Ana Lamaro, homoeopath and psychotherapist.
By: Caitlin Chang [Age journalist]
Sunday Age: Weekend ‘Living’ supplement 21/3/2010
Question: “I have recently been diagnosed with post-natal depression and prescribed
anti-depressants. What are some additional things I can do to try and get well?
Homoeopath and psychotherapist, Ana Lamaro says:
There is no more important time to have access to a good therapist than during the transition to motherhood, especially if this is provoking mood difficulties. Most health practitioners recognise that anti-depressant treatment without counselling is not ideal. Realistic recovery begins once you recognise the aspects of your past and personal history that are connected to the low mood. If you do not have a psychotherapist, counsellor or psychologist, or access to a referral, contact the Post and Antenatal Depression Association (PANDA).

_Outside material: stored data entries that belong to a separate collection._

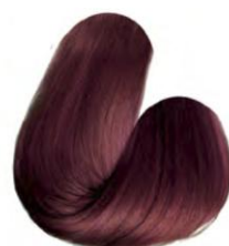
6.66 - LOURO ESCURO VERMELHO INTENSO
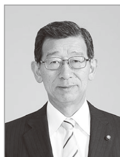
山口 哲秀 議員 やまぐち てつひて
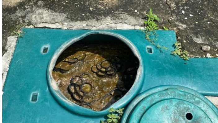
Primer tanque séptico, PTAR PORTONAITO SAS

cuarto, un flujo mayor al previsto o un diseño subdimensionado provoca que las ARD pasen muy rápido por el tanque, impidiendo la adecuada sedimentación y digestión de los sólidos.
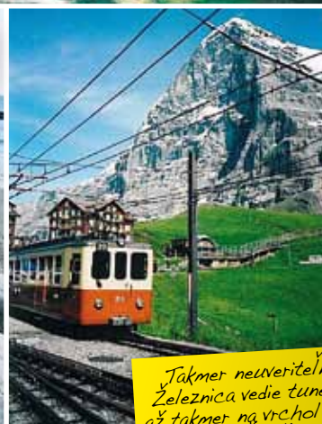
Takmer neuveriteľné. Železnica vedie tunelom až takmer na vrchol hory Eiger vo Švajčiarsku.
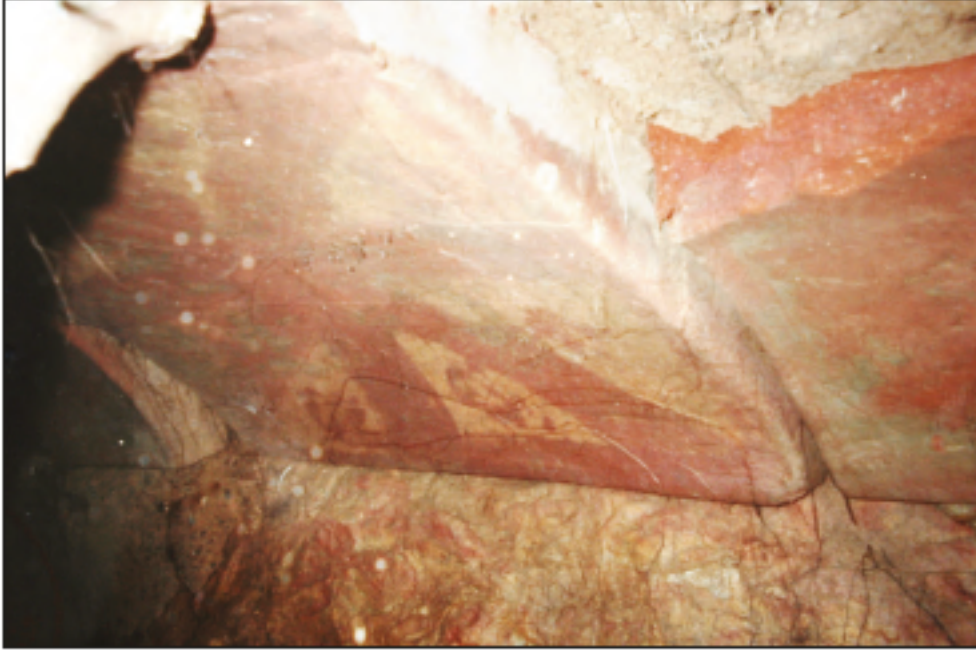
Res. 11 - Katırcıni Mevkii'ndeki sanduka biçimli mezar odasının üzerini örten plakanın iç yüzündeki kristogram (İzmit Müzesi Arşivi).
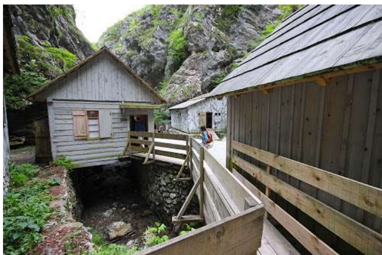
Slika 8: Partizanska bolnica Franja danes
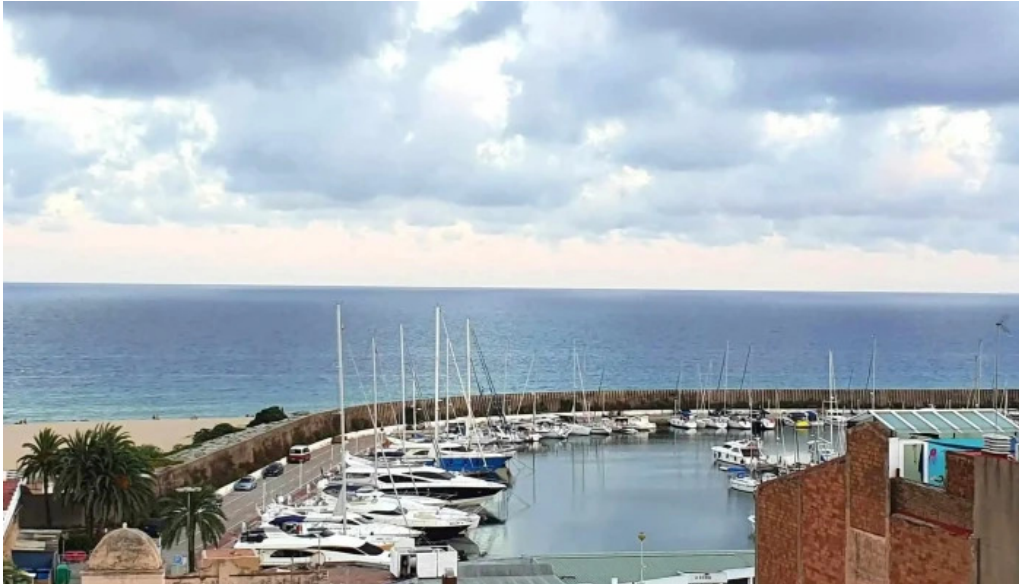
Iglesia de san pedro catalogo
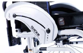
NSW040103 Protector lateral de aluminio (con fender)
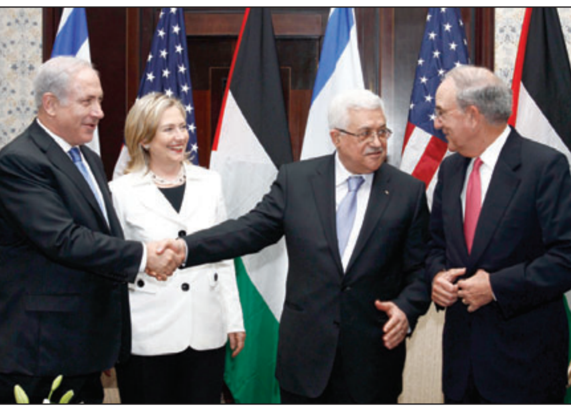
الرئيس الفلسطيني محمود عباس يصافح رئيس الوزراء الاسرائيلي بنيامين نتيناهو بحضور وزيرة الخارجية الامريكية هيلاري كلينتون وجورج ميتشل
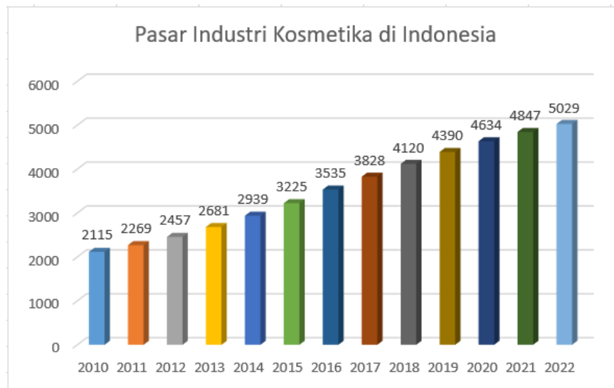
Gambar 1. 2 Tingkat Kosmetika di Indonesia

Many new mothers are reluctant to take anti-depressant medication while they are breastfeeding so homoeopaths are often called upon to treat women who experience depression after childbirth. Using very highly diluted preparations, made from plant, mineral or animal substances, homoeopathy offers a safe, non-toxic form of treatment. When the remedy is accurately selected, it can do much to relieve your suffering.
Often the emotional and physical changes brought about through pregnancy and childbirth can evoke a state of mind, mood or memory related to the mother’s own childhood or her experience of being mothered. These events may be taking place at an unconscious level but they can have a profound effect on a new mother’s mood and energy.
For example, a new mother who may have been separated from her own mother during infancy may be in some way ‘re-living’ these painful events during her own post-natal period. Feelings of helplessness and hopelessness, a sense of being alone and over-whelmed at being unable to fulfil the task of mothering may be elicited from a usually deeply buried awareness of the mother’s own difficult start. Acknowledging this information and ‘joining the dots’ begins the process of recovery.\
Attachment theory, which grew out of the psychoanalytic movement, identifies the symbiotic nature of the infant/mother relationship. It suggests a child may ‘carry’ the effects of its mother’s experience of pregnancy, or her reactions to difficult life events during this period, and recognises the effects on temperament and personality development. The negative feelings associated with these experiences may not emerge until that infant herself becomes a mother.
A homoeopath will observe the unique way in which each individual is affected by these experiences in order to find the most suitable remedy. Patients suffering from profound sadness, hopelessness and loss of physical energy will, for example, receive a different treatment to those who may be experiencing feelings of rage and resentment. Homoeopathic medicine accounts for mental, emotional and physical symptoms when selecting the correct remedy.
The process of matching each person’s unique state with the relevant homoeopathic
medicine is analogous to effective counselling therapy. The treatment will gently facilitate a process of increased awareness and the expression of previously obscured emotions. The advantage of utilising a tool like homeopathy is that the process of recovery can be much shorter than with the ‘talking cure’ alone. A well selected remedy offers an additional intervention and can deliver you from your own distress, and psychologically speaking, bring you back to your baby sooner.